Throughout, the one thing the Nocti didn’t count on, that they couldn’t begin to understand, was the bond formed between good people. The radiation of heart-lights united in common purpose reflects greater in the darkness than anything man-made ever can. Together we’d proven formidable. We’d broken the Nocti reign at Dunklebarger, DG, and a Creator’s tornado did the rest of the demolition. We’d held off Ms. Asura and wounded her.
But we all know she’s still out there
.

Tens is my Protector and was described by Auntie as a rare gift, a soul mate who has always known my feelings, even when miles separated us. I don’t have to lie to him about being a Fenestra. At some point we’re supposed to be able to communicate without words, but so far that hasn’t happened. Human in all other regards, he’s got my back; we’re each other’s sidekicks, not halves of one soul but amplifiers of each other.

We’re joined by creatures of the Creators. A wolf-dog named Custos, her name meaning “guardian,” is Tens’s best friend. She’s been with him since he trekked from Seattle to Revelation to find Auntie. Custos comes and goes as she pleases, doesn’t eat much, and seems to give her opinion in tail wags and tongue licks. It’s clear I’m lower on the
ladder than she is, at least in her mind. On the journey as well is a long-haired, short-tempered Maine coon named Minerva, or Mini. Minerva is named for the goddess of knowledge, and her expression says it all.
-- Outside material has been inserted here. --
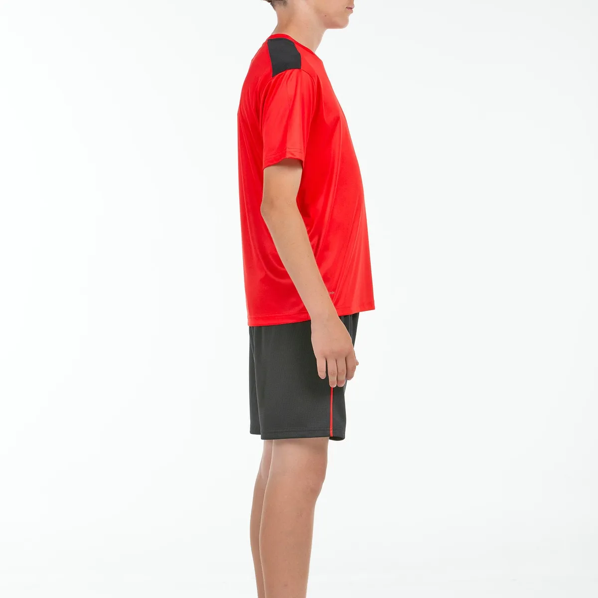 Комплект для мальчика с футболкой из полиэстрового интерлока с графикой спереди и контрастным воротником. Бермуды из ткани полиэстеровой сетки с боковыми вставками в тон футболке и отражающим логотипом. С боковыми карманами, эластичным поясом и внутренним шнурком. Имеет отделку Quickerdry.
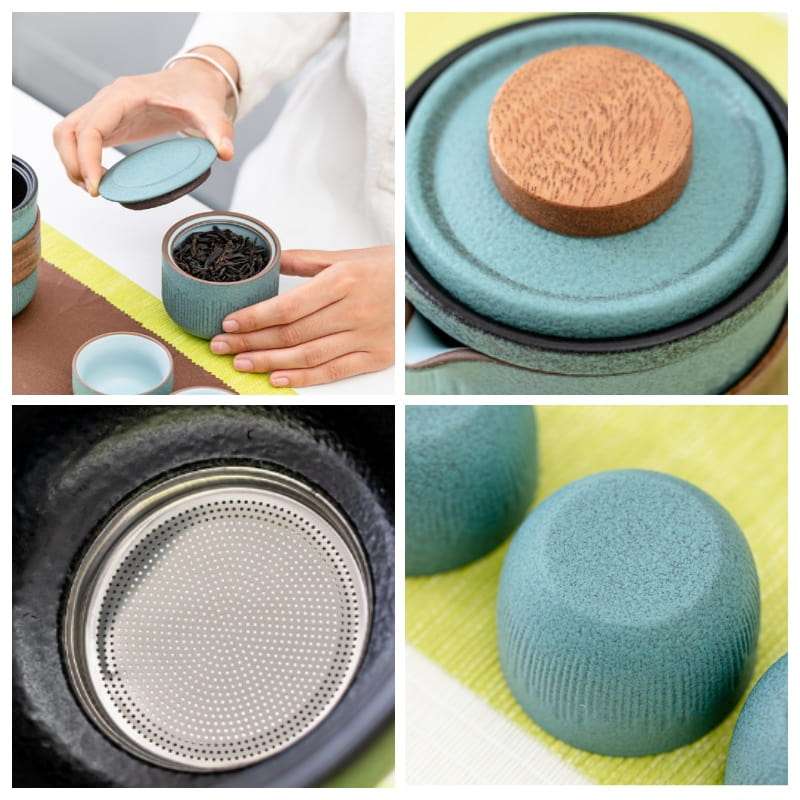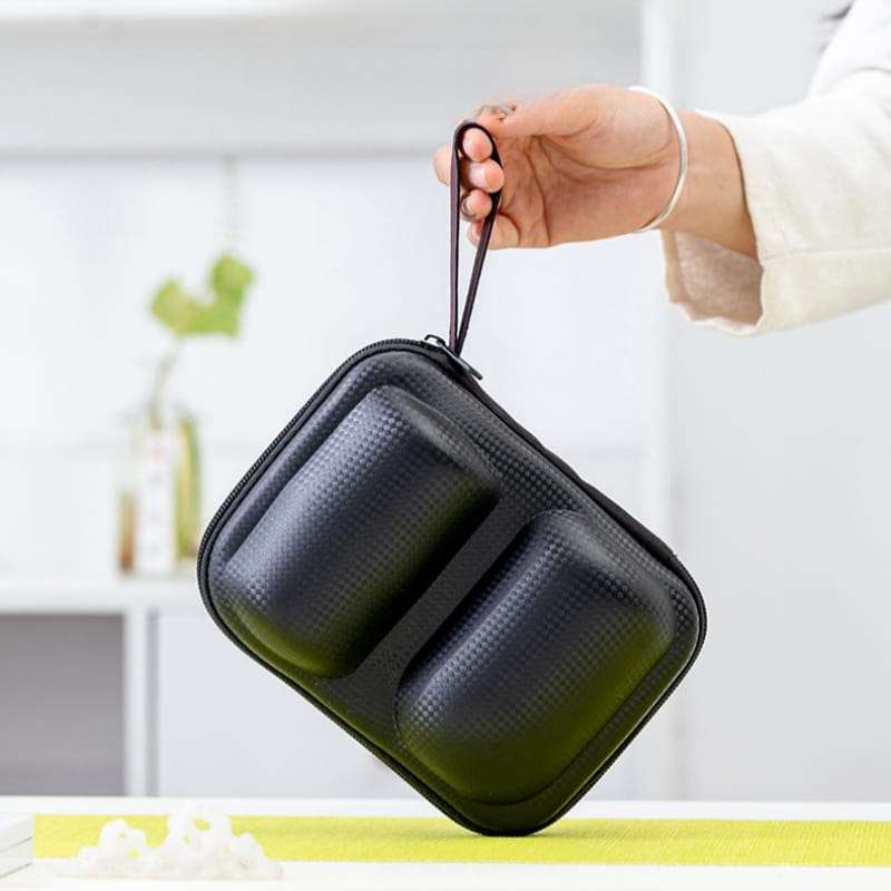 This travel tea set is designed to elevate your tea drinking experience with its practical features. It includes a durable stainless steel infuser that reaches deep into the teapot, ensuring a full and even steeping of your favorite loose-leaf teas. The smooth pouring spout is engineered to deliver a continuous stream of tea, making every pour effortless and precise. Additionally, the set’s non-woven cloth stopper ensures excellent sealing properties, keeping your tea hot and flavorful. The tea set’s portability is further enhanced by a sturdy zippered case, which securely houses each component, providing both protection and easy transport. The case also features specialized compartments for each component of the tea set, ensuring that they remain secure and organized. This meticulous attention to detail in both the design and functionality of the travel tea set makes it an indispensable accessory for any tea enthusiast.Find more Chinese teapots.

Mini arrived at Dunklebarger months before we did. She kept Juliet going, easing the ache of souls using Juliet’s window without her knowledge. Mini saved Juliet’s sanity, and maybe her life, more times than I care to count. She is the Fenestras’ creature and favors Juliet over me. I’m waiting. She’ll like me. Eventually.
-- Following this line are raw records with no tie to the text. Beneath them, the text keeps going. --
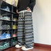 Threebooy Autumn Woolen Pants Men Fashion Retro Stripe Pants Men Streetwear Hip-hop Loose Wide Leg Pants Mens Vintage Trousers Large Size
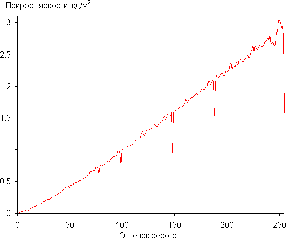 Реальная гамма-кривая ближе всего к стандартной при выборе варианта Гамма 2.2, поэтому далее мы измерили яркость 256 оттенков серого (от 0, 0, 0 до 255, 255, 255) при этом значении. График ниже показывает прирост (не абсолютное значение!) яркости между соседними полутонами:
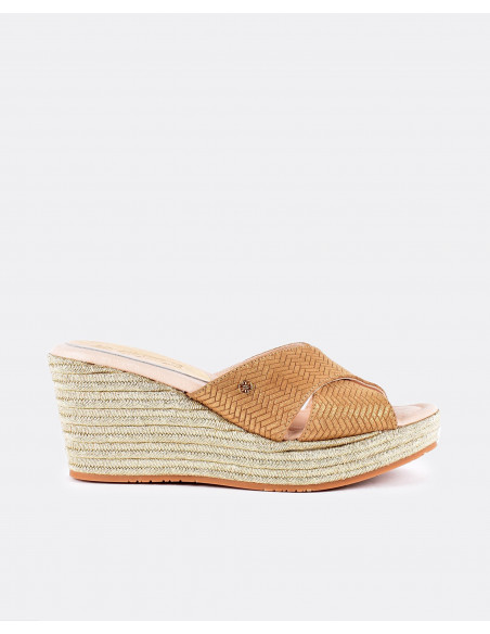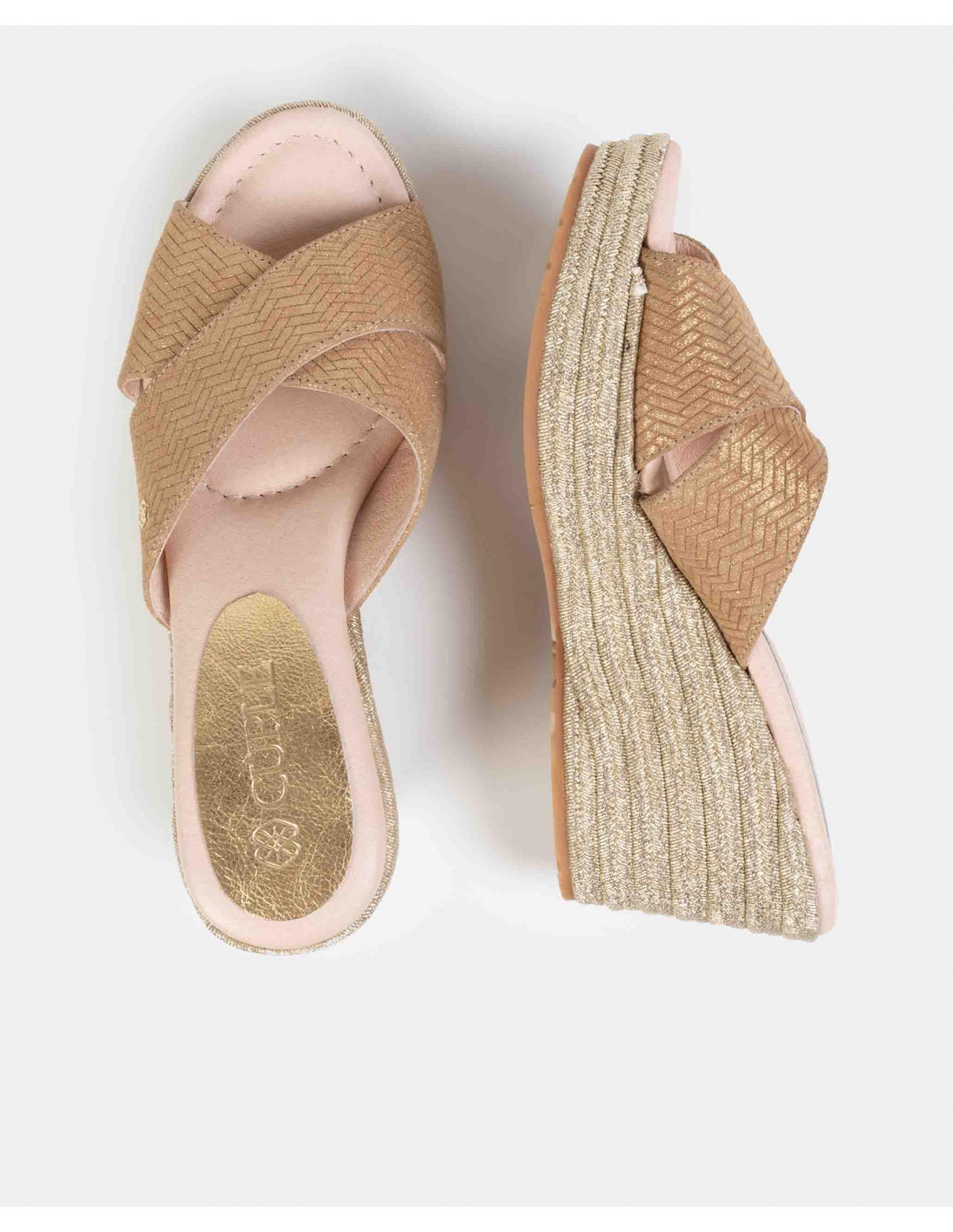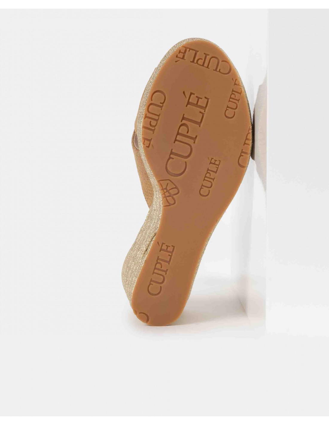 Cuña de plataforma pala con media altura, textura y color oro. Detalle lateral logotipo Cuplé y suela color camel. Proporcionando altura y comodidad a la vez.
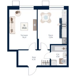 Общая площадь39,05 м²
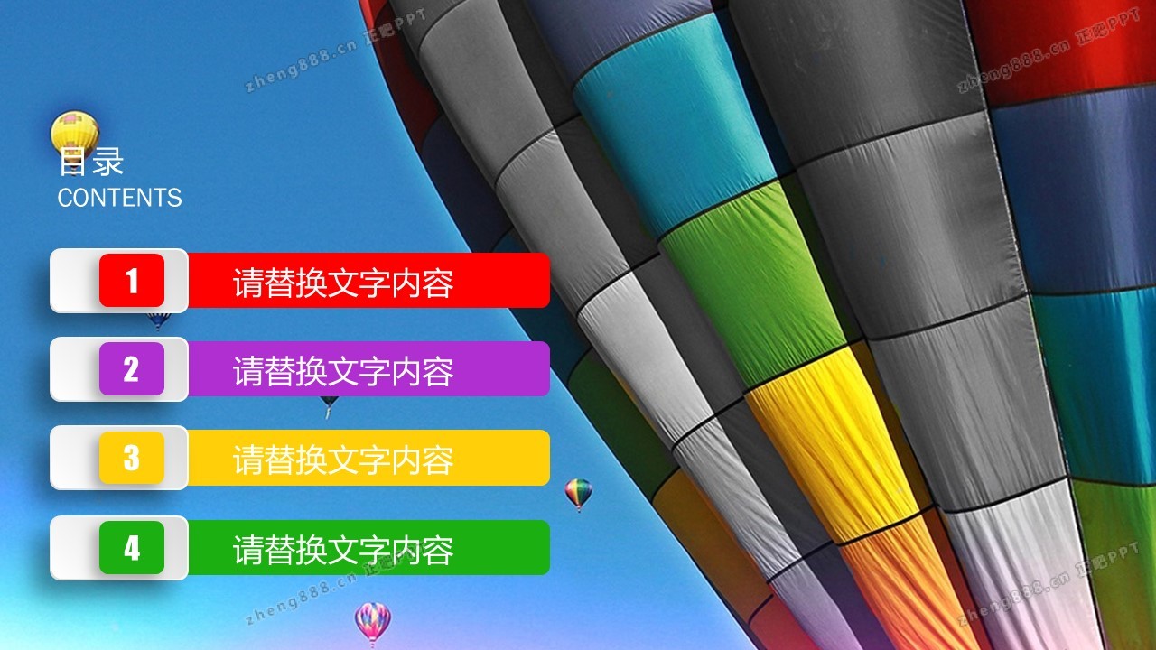彩色热气球背景的实用工作总结PPT模板

But since our battle at Wildcat Creek, the Nocti are quiet and invisible.
Evil never gives up
.

Auntie gave me a journal in which each generation of my family’s Fenestra had written their experiences and pieces of our puzzle down for the next. Its cover is made of thick, cracking leather, embossed with all things alive. The penmanship is tiny and cramped. But I read it. Tens read it. We decipher more daily. Looking for ways to fully defeat the Nocti. To free Juliet’s mother, Roshana, who seems trapped at the window. To help ourselves.